Use vLLM Standalone (manifests/vllm/vllm-standalone.yaml) when true GPU billing scale-to-zero is required — bursty workloads, dev/lab environments, or any scenario where the GPU should deprovision during idle periods. Also use standalone for custom LoRA adapters, quantized (GGUF/AWQ) weights, or a vLLM version newer than what KAITO packages.

Checking workspace status:

			
kubectl get workspace -n inference
# NAME                    INSTANCE             RESOURCEREADY   INFERENCEREADY   WORKSPACEREADY
# workspace-phi4-mini     Standard_NC4as_T4_v3 True            True             True
kubectl describe workspace workspace-phi4-mini -n inference
# Look at the Conditions section for detailed status

		

vLLM — OpenAI-Compatible Inference Server

Why vLLM (not TGI, Ollama, etc.):

PagedAttention: manages KV cache as virtual memory pages → higher throughput
Continuous batching: processes multiple requests in parallel without waiting
OpenAI API compatibility: drop-in replacement for GPT-4 clients (no SDK change)
Tensor parallelism: split a model across multiple GPUs in one line (--tensor-parallel-size 2)
Prefix caching: reuse KV cache for repeated system prompts (significant for chatbots)

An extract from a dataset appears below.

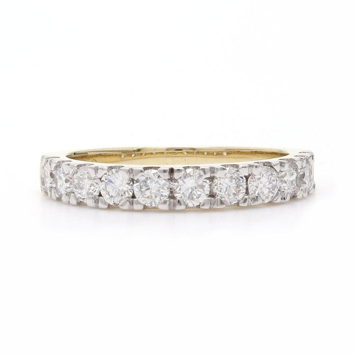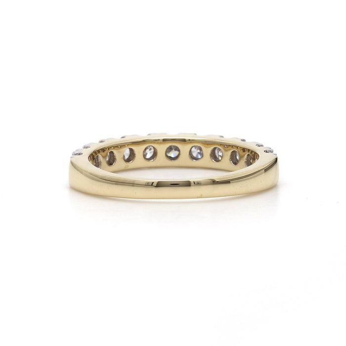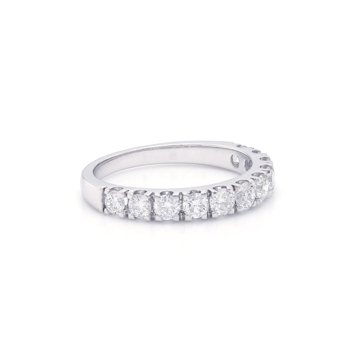 A brilliant celebration of your love, this lab grown diamond band is a memory in the making. Perfect for a wedding day, anniversary or "just because" band. A dazzling look that features a row of sparkling F-G VS-SI lab grown diamonds totaling 1.00 carat. It's slender style can stack nicely on the side or both sides of an engagement ring. It can also be paired with other smooth sided rings for a personalized touch. Available in white, yellow or rose 14K gold.

OpenAI-compatible endpoints:

			
POST /v1/chat/completions    — ChatGPT-style multi-turn conversation
POST /v1/completions         — Legacy text completion
GET  /v1/models              — Lists available models
GET  /health                 — Readiness probe endpoint
GET  /metrics                — Prometheus metrics (queue depth, TTFT, throughput)

		

Cold-start latency breakdown:

Phase	Duration	Notes
NAP VM provision	3-5 min	Only if no GPU node available
Container pull	1-2 min	vLLM image ~8GB; faster after first pull
Model download	2-10 min	From HuggingFace; cached in PVC after first run
Model load to VRAM	30-120s	Proportional to model size
vLLM ready	~10s	After model loaded

Use a PVC for model caching (see vllm-standalone.yaml). Without it, every pod restart re-downloads the full model. With it, cold start goes from 10+ minutes to under 2 minutes after the first run.

Workload Identity

Why not connection strings or Kubernetes Secrets: Secrets stored in etcd are base64-encoded (not encrypted) by default. Rotation requires a redeployment. If your etcd backup leaks, all secrets leak. Workload Identity eliminates the problem entirely.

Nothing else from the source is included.